I’ve turned down the guys’ offers to go out for drinks every night. They’re hovering around me like mother hens. I think the cut over my brow and the bruise forming there is scaring everyone. Can’t imagine what they’d do if they saw my chest. Send me home, probably.

Can’t afford that. I need more money, not less.

Meanwhile everyone is stressed, especially our newer inkers—Jesse, Seth and Shane, who’ve barely started working on their own. It’ll be a big test, to be seen working alongside more experienced artists, like the ones from the guest tattoo shop.

We spend hours talking about the organization of the event, about prices and regulations and what beer brand we’ll have on offer. Then I had customers to ink, and designs to think about.

By the time evening rolls in, I’m dead tired and in a damn funk. My ribs ache. My hope is fizzing out. And I can’t even draw.

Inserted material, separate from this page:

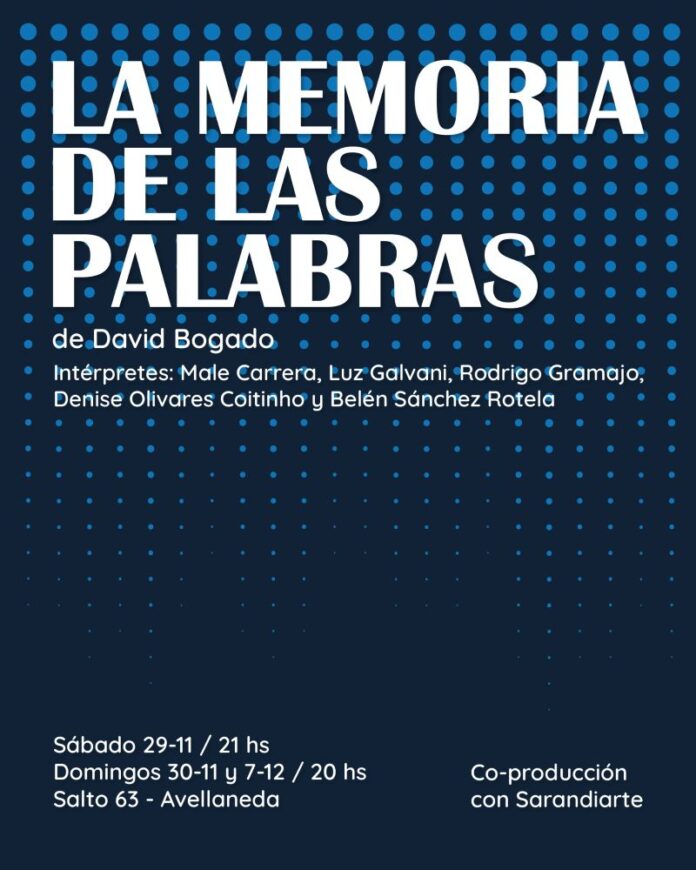El dramaturgo y director David Bogado estrenará la obra “La memoria de las palabras” en Sarandiarte Espacio Cultural, las funciones serán el día sábado 29 de noviembre a las 21:00 horas y los días domingo 30 de noviembre y 07 de diciembre a las 20:00 horas.
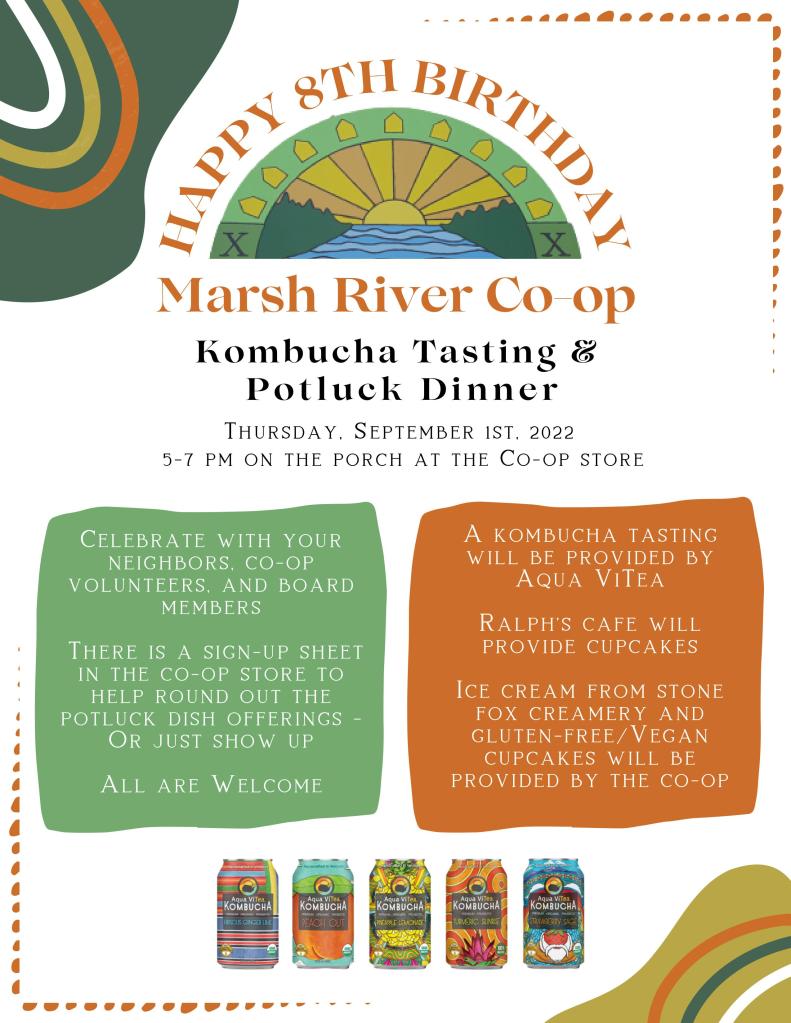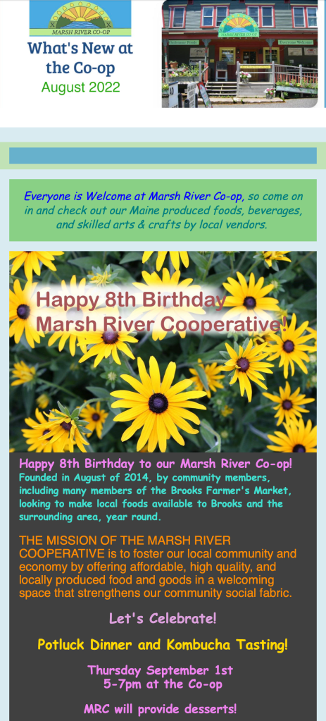 It’s time for our August Newsletter with all the recent updates for the Co-op and community. If you don’t read the whole newsletter we do want to let you know that the Co-op will be having it’s 8th birthday party on September 1st from 5-7pm. We are planning to do it on the porch, weather depending, and if everything goes to plan we’ll have deserts, ice-cream and a kombucha tasting as well as potluck!

My art has always been with me, a way to take out my doubts and fears and hopes and transform them into something I can see and control.

But nothing is coming out right these days. The design I’m working on for a guy penned in for tomorrow isn’t half done, and I’m digging the pen so hard into the paper I just about tear it.

It’s late.

Come home,
Kay had said in that text message. And I want that. I want to go home, but how?

It’s getting hard getting out of bed lately, and it’s not just that I can’t sleep at night. The night promises to be dark and empty, and tomorrow the same.

The shop is about to close, though. Time to get.

I don’t even have the energy to go round the cubicles and say goodbye to anyone else who’s there. I gather my stuff and stumble out of the shop, nodding at Zane and Rafe on the way, where they’re discussing at the front desk.

Tyler comes around the desk, follows me out. I stop right outside, in the cold evening, to see what the hell he wants.

“What’s up?” My ribs are killing me, my head aches, and although I’m heading to my apartment, dammit, I don’t wanna go.

Don’t wanna stay here and talk to Tyler, either, but he steps out and sort of corners me against the entrance.

“Hey, man, how’s it going?”

I shrug, and wince when that jostles my ribs. “Been better.”

“Got real banged up in the accident, huh?” His dark eyes are sympathetic, and I don’t want sympathy.

I don’t know what the hell I want.

“You look like shit,” he mutters, shaking his head.

“Thanks. Appreciate it.”

He snorts. “I won’t keep you. Just wanted to ask if Zane talked to you about the dragon tats.”

“What dragon tats? The ones of the brotherhood?”

Zane, Tyler, Asher, Dylan and Rafe are a brotherhood forged of friendship and hardship. They were there for each other last year, when lots of bad stuff went down for all of them, and I watched them in action, having each other’s backs and being what a family is supposed to be like.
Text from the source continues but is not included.